Where Ignorance is Bliss
Removing the News from Your Daily Life – Where Ignorance is Bliss
“Where ignorance is bliss, ‘tis folly to be wise.” – Thomas Gray
I have a confession to make. I don’t read, listen to, or watch “the news.”
Some time ago a light bulb went off in my head:
- The news is overwhelmingly filled with bad, depressing stories.
- Reading depressing stories makes me feel depressed.
- Depression is bad for my health.
- Happiness is good for my health.
- If I want to be happier and healthier, I should stop engaging in depressing activities.
- Ergo, I should cut the news out of my life.
And so I stopped. Cold turkey. Even the guilty pleasure known as the New York Post – gone.
I quickly came to realize:
- The news was draining my mental energy and wasting time; there’s a huge opportunity cost.
- If time is the most important commodity, we should be using it wisely.
- Using it wisely means focusing on activities that increase productivity and make us happier.
- Consuming the news is the antithesis of productivity, especially in the “information age.”
- “Breaking news” breaks any train of intelligent thought.
- “News alerts” make you less alert to the task at hand.
- Click, Click, Click. One news link leads to the next and to the next and to the next.
- The news was irrelevant to my everyday life. Life went on just fine without it.
- Hearing about bad things happening to people that you have no control over only contributes to anxiety and stress.
- Actually doing good things for people that you have control over makes you happier and your life more meaningful.
- Cutting out the news means transitioning from a feeling of helplessness to a feeling of purposefulness.
- I don’t miss it.
I now have more time to do things that make me happier:
- Like reading books and listening to podcasts.
- Like deeper thinking and learning new things.
- Like research and writing.
- Like exercising.
- Like spending time with family and friends.

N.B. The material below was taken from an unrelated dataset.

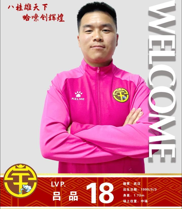 吕品,1995年5月3日出生于武汉,身高173cm,司职中场,申花青训出身,曾随申花精英梯队前往西班牙参加当地联赛。后先后租借加盟苏州东吴、淄博蹴鞠等队。去年以租借形式在广西平果哈嘹效力,为球队出场26次,打进3球。

- Like doing good things for people.
- Etc., etc., etc.
Don’t get me wrong – removing the news from your daily life is not easy – especially when you’re in the business of opining on the financial markets. It requires being able to say “I don’t know” when asked about the topic du jour. It’s a constant struggle to ignore the noise of the day but I’ve found the benefits to far outweigh the costs. Following the news will not make you a better investor; the opposite is true as it is likely to deter you from staying invested at precisely the worst time. More importantly, though, it will not make you a better person – physically, mentally, or emotionally.
And so, if refusing to consume the news makes me “ignorant” in some circles, I’m fine with that. The trade-off of bliss seems like a good one to me.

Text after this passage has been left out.